CDNs are not a new concept. The idea is that you have a bunch of web servers geographically distributed delivering content to users who are also geographically distributed. Think of it as a way to cache things closer to your end users. There are many reasons why this can be a good idea. Your content will load faster for users if it resides on servers in roughly the same area as them. Your bandwidth costs are generally a bit cheaper, as you’re not transmitting as much data from your core all the way out to the end user. Instead, those end users are getting the content from something close to them. You can potentially also deliver more versions of content (in terms of resolution) easily. It can also be beneficial in terms of resiliency and availability – an outage on one part of your network, say in Palo Alto, doesn’t need to necessarily impact end users living in Sydney. Cloudflare does a fair bit with CDNs, and there’s a great overview of the technology here.

 

Isn’t All Content Delivery The Same?

Not really. As Intel covered in its Storage Field Day presentation, there are some differences with the performance requirements of video on demand and live-linear streaming CDN solutions.

Live-Linear Edge Cache

Live-linear video streaming is similar to the broadcast model used in television. It’s basically programming content streamed 24/7, rather than stuff that the user has to search for. Several minutes of content are typically cached to accommodate out-of-sync users and pause / rewind activities. You can read a good explanation of live-linear streaming here.

[image courtesy of Intel]

In the example above, Intel Optane PMem was used to address the needs of live-linear streaming.

  • Live-linear workloads consume a lot of memory capacity to maintain a short-lived video buffer.
  • Intel Optane PMem is less expensive than DRAM.
  • Intel Optane PMem has extremely high endurance, to handle frequent overwrite.
  • Flexible deployment options – Memory Mode or App-Direct, consuming zero drive slots.

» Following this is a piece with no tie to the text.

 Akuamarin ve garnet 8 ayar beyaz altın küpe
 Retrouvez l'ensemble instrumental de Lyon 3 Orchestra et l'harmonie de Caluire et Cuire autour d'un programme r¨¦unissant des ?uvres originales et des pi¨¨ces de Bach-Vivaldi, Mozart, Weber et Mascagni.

With this solution they were able to achieve better channel and stream density per server than with DRAM-based solutions.

Video on Demand (VoD)

VoD providers typically offer a large library of content allowing users to view it at any time (e.g. Netflix and Disney+). VoD servers are a little different to live-linear streaming CDNs. They:

  • Typically require large capacity and drive fanout for performance / failure domains; and
  • Have a read-intensive workload, with typically large IOs.

[image courtesy of Intel]

 

Thoughts and Further Reading

I first encountered the magic of CDNs years ago when working in a data centre that hosted some Akamai infrastructure. Windows Server updates were super zippy, and it actually saved me from having to spend a lot of time standing in the cold aisle. Fast forward about 15 years, and CDNs are being used for all kinds of content delivery on the web. With whatever the heck this is is in terms of the new normal, folks are putting more and more strain on those CDNs by streaming high-quality, high-bandwidth TV and movie titles into their homes (except in backwards places like Australia). As a result, content providers are constantly searching for ways to tweak the throughput of these CDNs to serve more and more customers, and deliver more bandwidth to those users.

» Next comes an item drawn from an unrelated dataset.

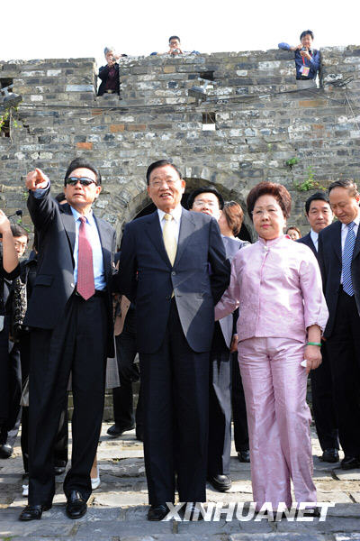 4月25日,臺(tái)灣海基會(huì)董事長(zhǎng)江丙坤和夫人在海協(xié)會(huì)會(huì)長(zhǎng)陳云林陪同下參觀(guān)南京明城墻。新華社記者韓瑜慶攝
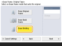 1 | Press <Erase Book Frame> and check <Original Size>. ![]() If the size displayed in <Original Size> is different from the size of the book, press <Change> to select the size. You can only set the Erase Book Frame mode for the original sizes shown on the touch panel display. |

I’ve barely skimmed the surface of how CDNs help providers deliver content more effectively to end users. What I did find interesting about this presentation was that it reinforced the idea that different workloads require different infrastructure solutions to deliver the right outcomes. It sounds simple when I say it like this, but I guess I’ve thought about streaming video CDNs as being roughly the same all over the place. Clearly they aren’t, and it’s not just a matter of jamming some SSDs in one RU servers and hoping that your content will be delivered faster to punters. It’s important to understand that Intel Optane PMem and Intel Optane 3D NAND can give you different results depending on what you’re trying to do, with PMem arguably giving you better value for money (per GB) than DRAM. There are some great papers on this topic available on the Intel website. You can read more here and here.

Random Short Take #55

Welcome to Random Short Take #55. A few players have worn 55 in the NBA. I wore some Mutombo sneakers in high school, and I enjoy watching Duncan Robinson light it up for the Heat. My favourite ever to wear 55 was “White Chocolate” Jason Williams. Let’s get random.

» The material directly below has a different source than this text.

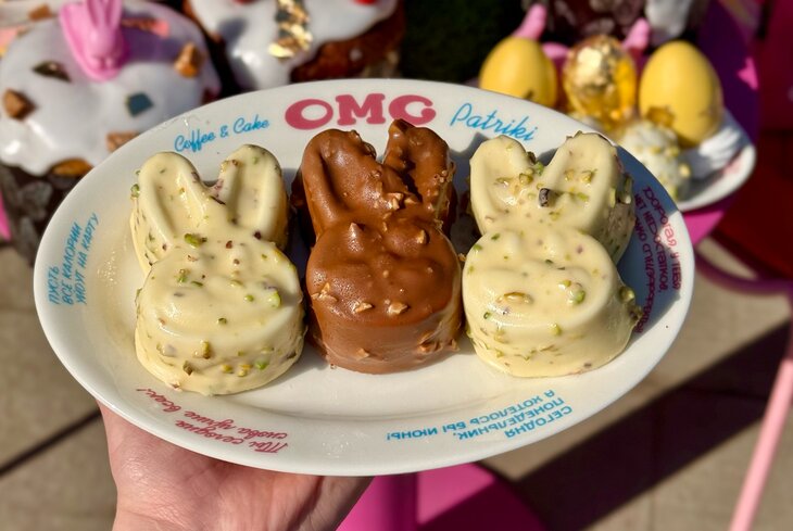 В этом сезоне в коллекции праздничных десертов появилось пирожное «картошка» в форме пасхального яйца (690 рублей), на выбор два вкуса — с фисташкой или апельсином. Еще в кофейне сделали шоколадные конфеты в виде зайчиков — с малиной или орехами (250 рублей).

  • This article from my friend Max around Intel Optane and VMware Cloud Foundation provided some excellent insights.
  • Speaking of friends writing about VMware Cloud Foundation, this first part of a 4-part series from Vaughn makes a compelling case for VCF on FlashStack. Sure, he gets paid to say nice things about the company he works for, but there is plenty of info in here that makes a lot of sense if you’re evaluating which hardware platform pairs well with VCF.
  • Speaking of VMware, if you’re a VCD shop using NSX-V, it’s time to move on to NSX-T. This article from VMware has the skinny.
  • You want an open source version of BMC? Fine, you got it. Who would have thought securing BMC would be a thing? (Yes, I know it should be)
  • Stuff happens, hard drives fail. Backblaze recently published its drive stats report for Q1. You can read about that here.
  • Speaking of drives, check out this article from Netflix on its Netflix Drive product. I find it amusing that I get more value from Netflix’s tech blog than I do its streaming service, particularly when one is free.
  • The people in my office laugh nervously when I say I hate being in meetings where people feel the need to whiteboard. It’s not that I think whiteboard sessions can’t be valuable, but oftentimes the information on those whiteboards should be documented somewhere and easy to bring up on a screen. But if you find yourself in a lot of meetings and need to start drawing pictures about new concepts or whatever, this article might be of some use.
  • Speaking of office things not directly related to tech, this article from Preston de Guise on interruptions was typically insightful. I loved the “Got a minute?” reference too.

 

Intel Optane – Challenges and Triumphs

Disclaimer: I recently attended Storage Field Day 21.  My flights, accommodation and other expenses were paid for by Tech Field Day. There is no requirement for me to blog about any of the content presented and I am not compensated in any way for my time at the event.  Some materials presented were discussed under NDA and don’t form part of my blog posts, but could influence future discussions.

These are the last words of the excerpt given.